British Columbia for the Empire was a Canadian feature-length silent documentary film produced in 1916 by Vancouver filmmaker Arthur D. Kean and released through his company, Kean's Canada Films. It was a compilation film, assembled from his theatrical shorts (shot in 1914–16) that depicted individual British Columbia battalions in training and departing for service in the First World War.

== Filming ==
Kean began filming the activities of BC military units immediately after Canada declared war in August 1914. The departures of battalions and regiments to join the Canadian Expeditionary Force (CEF) were reported in local and regional newspapers, and Kean's presence with his camera on such occasions was frequently noted. Screenings of his departure films were well-advertised and promoted in the same newspapers. In December 1916, Kean's project was described as "a complete pictorial record of every British Columbia battalion which has gone to the front during the present war," and "a more extensive military record of this description than is possessed by any other part of the British dominions."

== Versions ==
For many years, the only known reference to British Columbia for the Empire by title was in an issue of the film industry trade journal The Moving Picture World. Another reference, from a screening in Kamloops, has since been found.

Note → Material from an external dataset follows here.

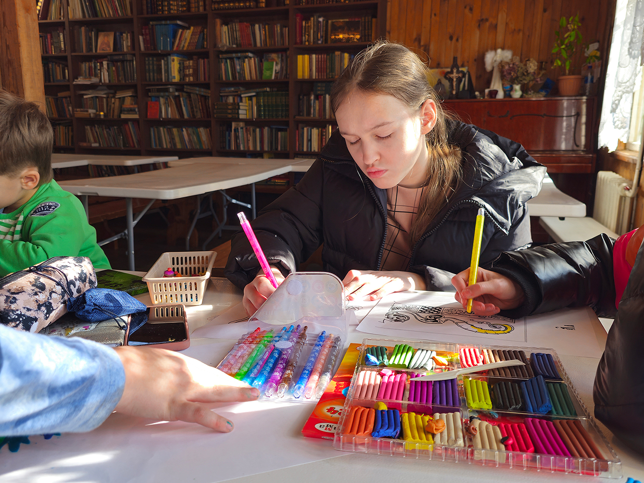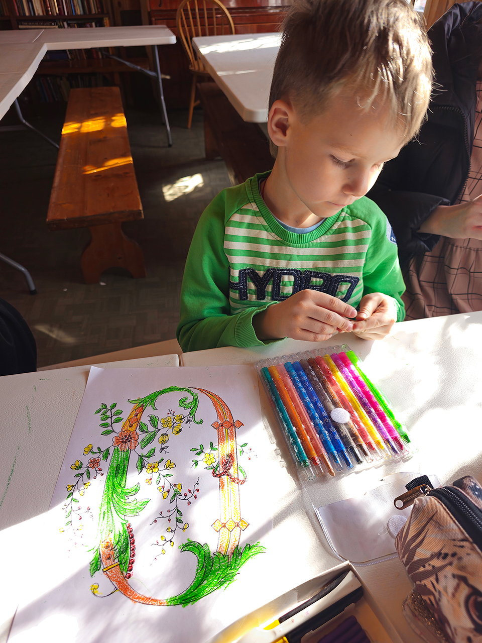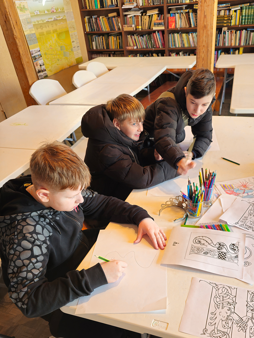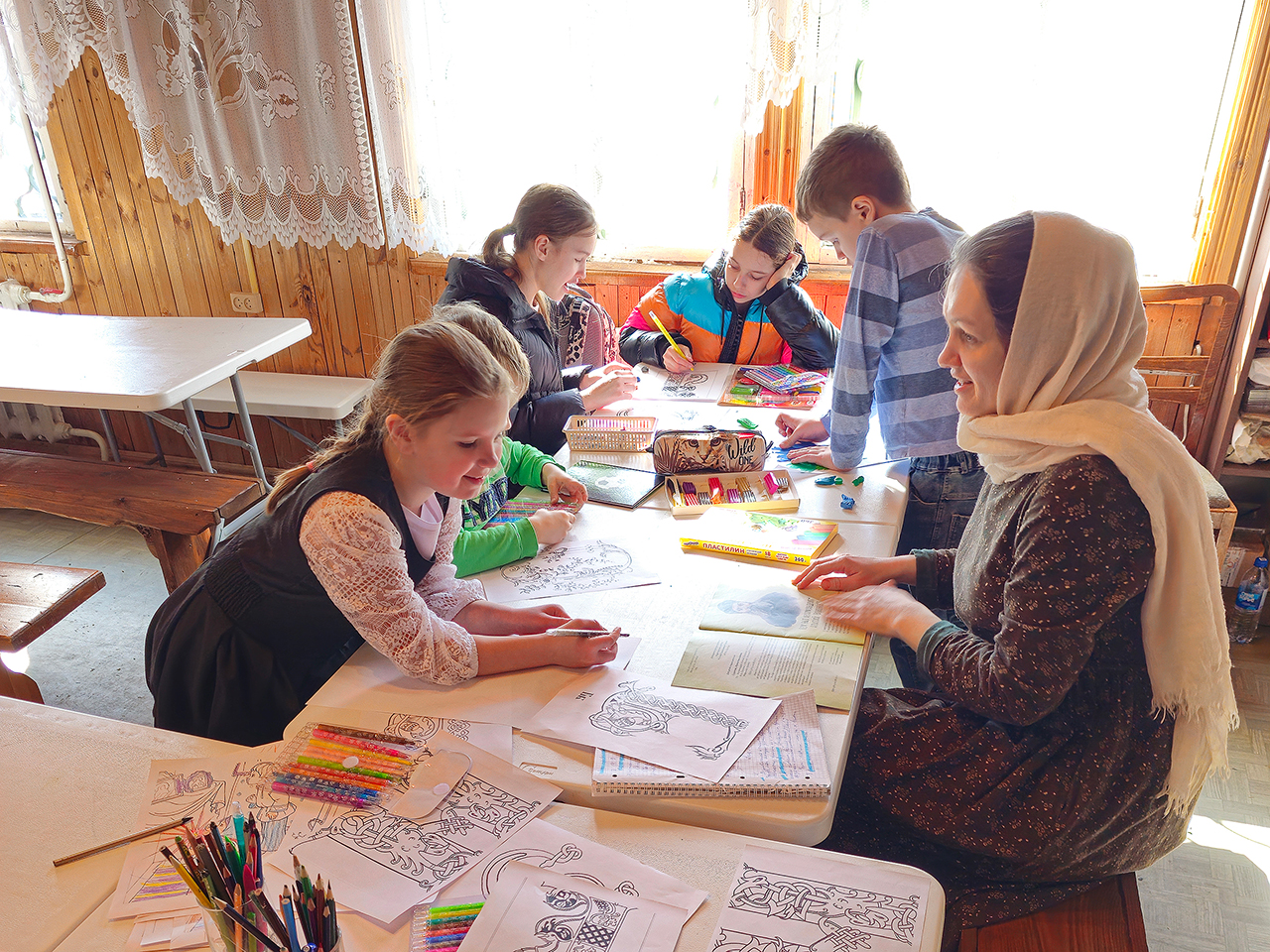 Во время занятия учащиеся узнали о появлении письменности и первых книг, а также об истории книгопечатания на Руси, познакомились с красивыми изображениями буквиц. Учитель матушка Анастасия Серышева рассказала ребятам об установлении Дня православной книги в России, а также обсудила с ними, какие книги являются православными.

These news items describe the film as three or four reels in length (approximately 3,000 to 4,000 feet of 35mm film); its running time would likely have been between 44 and 66 minutes. It was apparently shown in Vancouver, Victoria, and the BC Interior in a few different versions. One version, shown January 31–February 2, 1916, at Vancouver's Orpheum Theatre, was billed as "Special: Grand Military Review of BC's Part in the Great War; Most Comprehensive Shown." The latter included footage of the 16th Battalion (Canadian Scottish); the 29th Battalion (Vancouver), known as "Tobin's Tigers"; the 47th Battalion (British Columbia); the 62nd Battalion (British Columbia); and the 72nd Battalion (Seaforth Highlanders of Canada). It also contained footage showing the departure of the second contingent of the CEF; various guards of honour; and the reviewing of troops by Canada's Governor General, HRH the Duke of Connaught, and the Minister of Militia and Defence, General Sir Sam Hughes.

== Preservation status ==
Like most of Kean's other productions, British Columbia for the Empire has long since been lost or destroyed. However, a few of the related component films (which focus on individual units) have survived. Due to Kean's later close involvement with the British Columbia Patriotic and Educational Picture Service, it's likely that excerpts from his military footage were also distributed by the picture service in some form during its brief tenure (1920-23).

This film is listed in the Canadian Feature Film Database at Library and Archives Canada, under the title B.C. for the Empire. Its place within the chronology makes it one of the earliest Canadian feature-length films, and the first produced in British Columbia.